Omelia di S.E. Mons. Pietro Santoro
dalla cattedrale dei Marsi in Avezzano

Con quale profondità abbiamo accolto la narrazione della passione di Gesù. Come ci sentiamo avvolti da eventi che sono stati e sono un immenso abisso di peccato e di amore, di perdizione e di salvezza. Ci siamo dentro tutti. Ognuno chiamato a non sentirsi estraneo, ma a sfogliare il libro della sua vita, della sua fede. Il tradimento di Giuda pertrenta monete d’argento e la sua disperazione impiccato all’albero, perché incapace di credere alla misericordia del Signore. Il tradimento di Pietro, «Gesù? Non lo conosco!», e le sue lacrime di pentimento dopo il canto del gallo che scava il rimorso e la fiducia di non avere smarrito l’amore di Gesù. L’Eucaristia. «Prendete e mangiate, questo è il mio corpo». Il corpo che sarà immolato sulla croce diventa nell’Eucaristia il pane della permanenza di Gesù nella storia: il pane della redenzione. L’agonia nell’orto degli ulivi; il sonno dei discepoli, il sonno dell’impotenza e della fuga; la condanna del sinedrio. Il processo farsa a chi aveva scardinato il Dio visto come copertura di una religiosità vuota e ipocrita. Pilato, e la paura di perdere il potere, la folla manovrata. E c’è sempre un Barabba, ieri come oggi, che la folla sceglie per condurre al patibolo l’innocente. Una corona di spine, di sputi. La derisione. Il cammino verso la collina del supplizio. L’uomo di Cirene costretto a portare la croce del Signore. Il Golgota, la crocifissione, e ancora insulti, «scendi dalla croce e salva te stesso»; ma il Signore non scende, rimane. Rimane inchiodato nel dono di un amore che salva, assumendo tutte le negazioni dell’uomo di ogni tempo. E poi il buio. Il buio della desolazione suprema, il sentirsi abbandonato persino dal Padre. E l’ultimo grido, il grido della morte. Il riconoscimento appartiene ad un pagano, il centurione: «Davvero costui era il Figlio di Dio!».

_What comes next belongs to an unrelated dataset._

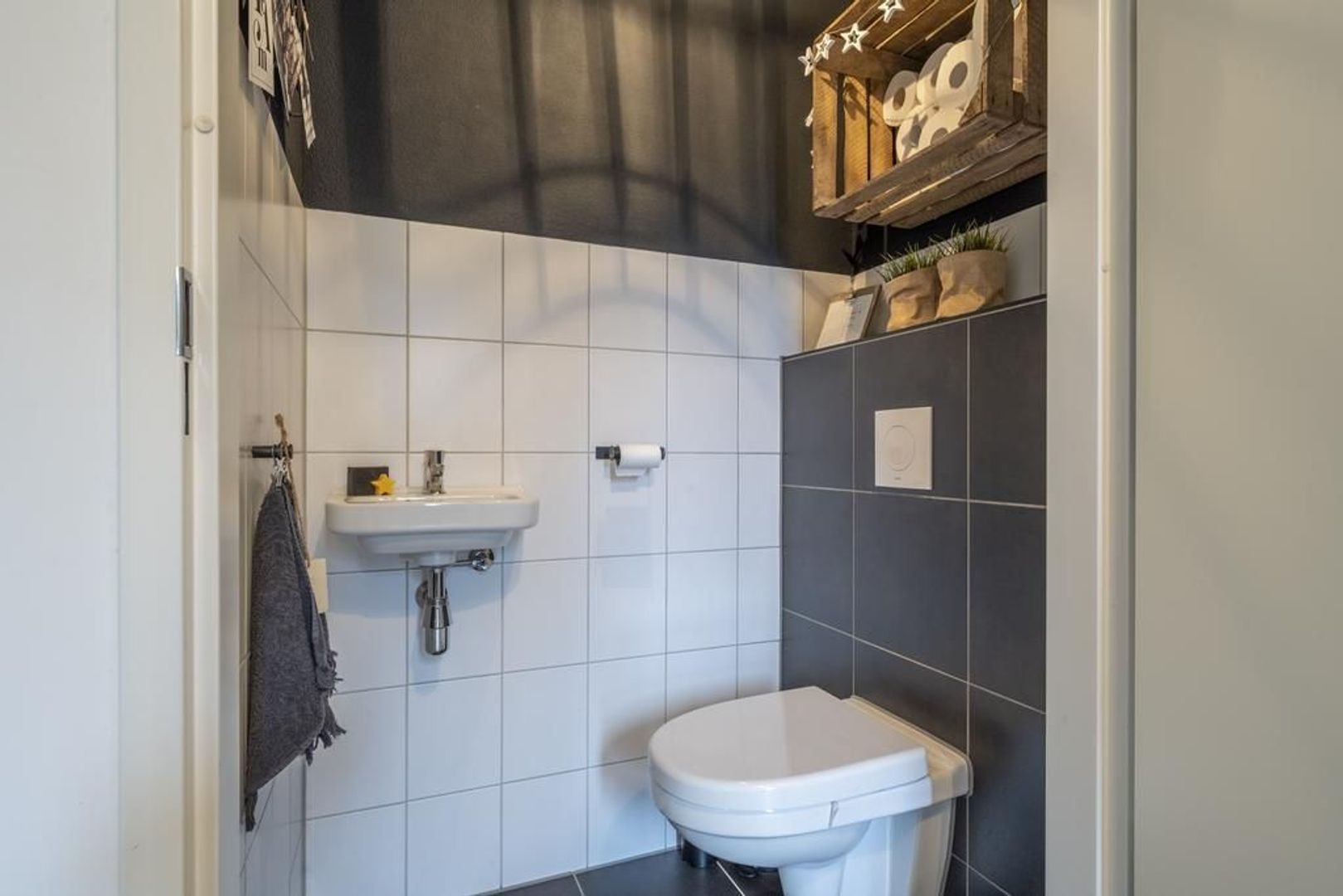 Entree, hal met meterkast, vaste kast en moderne toiletruimte met wandcloset en fonteinbakje.

Il riconoscimento non è della folla della domenica delle palme, dell’ingresso festoso di Gesù a Gerusalemme. Quella folla non c’è più, è scomparsa, si è dileguata. Aveva accompagnato Gesù in corteo, ma il corteo delle palme si era sciolto, diluito nella paura e nella falsa immagine di un Dio concepito soltanto come il paravento di un benessere terreno. Inconcepibile, per la folla, un Dio che si consegna alla morte. Un Dio che muore crocifisso nell’unica cattedra che ribalta la logica del peccato: la cattedra dell’amore fino alla consumazione. E infine, la pesante pietra che sigilla il sepolcro. Tutto finito? No. Ma dove finisce l’uomo Dio continua. E noi crediamo, dove e come, Dio continua. Continua nel cuore di chi fa entrare Dio nella propria vita, e la vita diventa un canto di risurrezione, deposto nella cenere di ogni peccato. Ciascuno di noi si lasci trafiggere dalla passione de Signore che ci ricompone, dentro e oltre, le nostre domande. Dentro ed oltre i nostri perché. Oggi è il tempo dei perché. Perché le morti in questo tempo di aggressione del male? Perché le morti in solitudine? Perché il dolore innocente? Perché le vittime delle violenze e delle ingiustizie? Perché proprio a me? Perché proprio alla mia famiglia? La risposta sta tutta dentro gli occhi che sanno guardare Cristo, che incrociano gli occhi di Cristo e che sanno dire «ecco l’uomo, ecco il nostro fratello nel dolore». Dio non è venuto ad eliminare il dolore, ha fatto di più. È venuto a prendere su di sé il dolore dell’uomo. Ed ecco cos’è la croce: non è un simbolo, è il segno; è il sacramento della sofferenza degli uomini che Dio riceve e che mette sulle proprie spalle. La croce è il lutto terribile del dolore umano che va a schiantare il cuore di Dio. Nel corpo straziato di Cristo, niente è stato dimenticato. Nel corpo straziato di Cristo cisono i nostri lamenti, le nostre solitudini, i nostri strazi, e niente va perduto. Cristo è venuto a cercare il dolore inutile, lo ha caricato sotto il peso della sua croce e ognuno può dire «Gesù, fratello mio». La Pasqua comincia ora, ai piedi della croce e di fronte al sepolcro sigillato. E ogni tristezza e ogni paura devono cambiarsi in speranza. La speranza è Gesù. Il futuro nuovo per me, per voi, per tutti è soltanto Gesù! Amen.